Those involved in implementations of APL may find it
useful to read of the modelling and testing
techniques that were used in this work.
They are similar enough to the modelling
and testing that was done for all the other work
mentioned to convey the nature of the entire process.
Theory Heron, the Alexandrian scientist (possibly as early as the second century B.C. or as late as the third century A.D.) devised a method for approximating square roots which is still in use today. The method is an iterative one, and exploits the fact that any particular estimate y of the value of the square root r of a positive number x , if it is not equal to r , may be improved by computing the average of y and x÷y , that is, y←(y+x÷y)÷2 If the estimate y is positive, this method will eventually converge to the square root. For example, if the number x whose square root we desire is 9 , and if our initial estimate y of its square root is 2 , a better y is given by: (2+9÷2)÷2 3.25 The successive values obtained in this process (with maximum precision set) are: 2 3.25 3.0096153846153846 3.0000153600393216 3.0000000000393214 3 Typically, the number of accurate digits in y about doubles at each step. The closer the initial estimate y is to the eventual result, the fewer will be the number of iterations required.
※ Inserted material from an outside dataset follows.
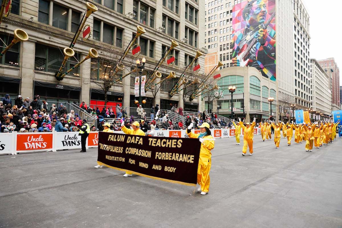 ![]() 图1~4:芝加哥法轮功团体第十六年连续参加感恩节大游行 |
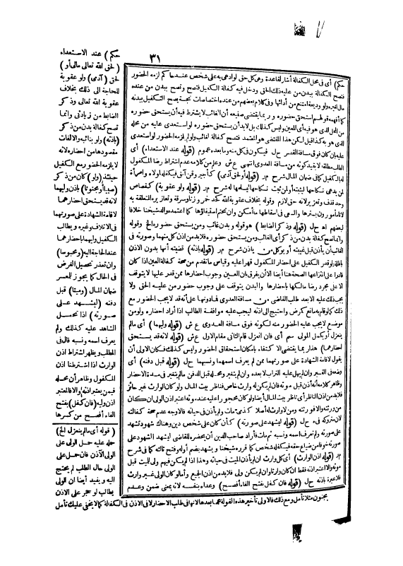 ـــــــــــــــــــــــــــــQأَيْ: فِي مَحَلِّ الْكَفَالَةِ أَشَارَ لِقَاعِدَةٍ، وَهِيَ كُلُّ حَقٍّ لَوْ اُدُّعِيَ بِهِ عَلَى شَخْصٍ عِنْدَ حَاكِمٍ لَزِمَهُ الْحُضُورُ فَتَصِحُّ الْكَفَالَةُ بِبَدَنِ مَنْ عَلَيْهِ ذَلِكَ الْحَقُّ وَدَخَلَ فِيهِ كَفَالَةُ الْكَفِيلِ فَتَصِحُّ، وَتَصِحُّ بِبَدَنِ مَنْ عِنْدَهُ مَالٌ لِغَيْرِهِ، وَلَوْ وَدِيعَةً امْتَنَعَ مِنْ أَدَائِهَا وَفِي كَلَامِ بَعْضِهِمْ مَنْ عِنْدَهُ اخْتِصَاصَاتٌ نَجِسَةٌ يَصِحُّ التَّكْفِيلُ بِبَدَنِهِ كَمَا أَفْهَمَهُ قَوْلُهُمْ اُسْتُحِقَّ حُضُورُهُ وَرُبَّمَا يَقْتَضِي صَنِيعُهُ أَنَّ الْغَائِبَ لَا يُشْتَرَطُ فِيهِ أَنْ يُسْتَحَقُّ حُضُورُهُ مِنْ الْمَحَلِّ الَّذِي هُوَ فِيهِ أَيْ: الْمُعَيَّنِ وَلَيْسَ كَذَلِكَ، بَلْ لَا بُدَّ أَنْ يُسْتَحَقَّ حُضُورُهُ لَوْ اسْتَعْدَى عَلَيْهِ مِنْ مَحَلِّهِ الَّذِي هُوَ بِهِ كَذَا قِيلَ لَكِنَّ هَذَا الْمُقْتَضَى هُوَ الْمُعْتَمَدُ فَتَصِحُّ كَفَالَةُ الْغَائِبِ، وَلَوْ لَمْ يَلْزَمْهُ الْحُضُورُ لَوْ اسْتَعْدَى عَلَيْهِ بِأَنْ كَانَ فَوْقَ مَسَافَةِ الْقَصْرِ ح ل فَيَكُونُ فِي كُلٍّ مِنْهُ وَمَا بَعْدَهُ عُمُومٌ.

Much has been written on the subject of choosing best estimates for starting values, and, as you will see, a great deal of thought went into this aspect of the new square root routine being described here. Instead of having the central part of the square root routine deal with numbers across the entire range of allowable arguments, we use a device which transforms all arguments into the interval from 0.0625 to 16 . For System/370 floating point numbers this corresponds to numbers having hexadecimal exponents 0 and 1 . Those arguments with even hexadecimal exponents are transformed into the interval 0.0625 to 1 , and arguments with odd hexadecimal exponents are transformed into the interval from 1 to 16 . The square root of the transformed argument is computed, and the final result is obtained by multiplying this by a certain power of 16 . The entire process of computing the square root r of a vector of positive numbers x having the value 144 2304 36864 may be summarized as follows:
Transforming the arguments in this manner simplifies the development of the initial approximation and has no effect on the accuracy of the result, since the transformation deals only with the exponent of the argument, and leaves the fraction part unaltered. The primary concern of the rest of this paper
is with the details of step 4,
the calculation of the square root
of the reduced argument.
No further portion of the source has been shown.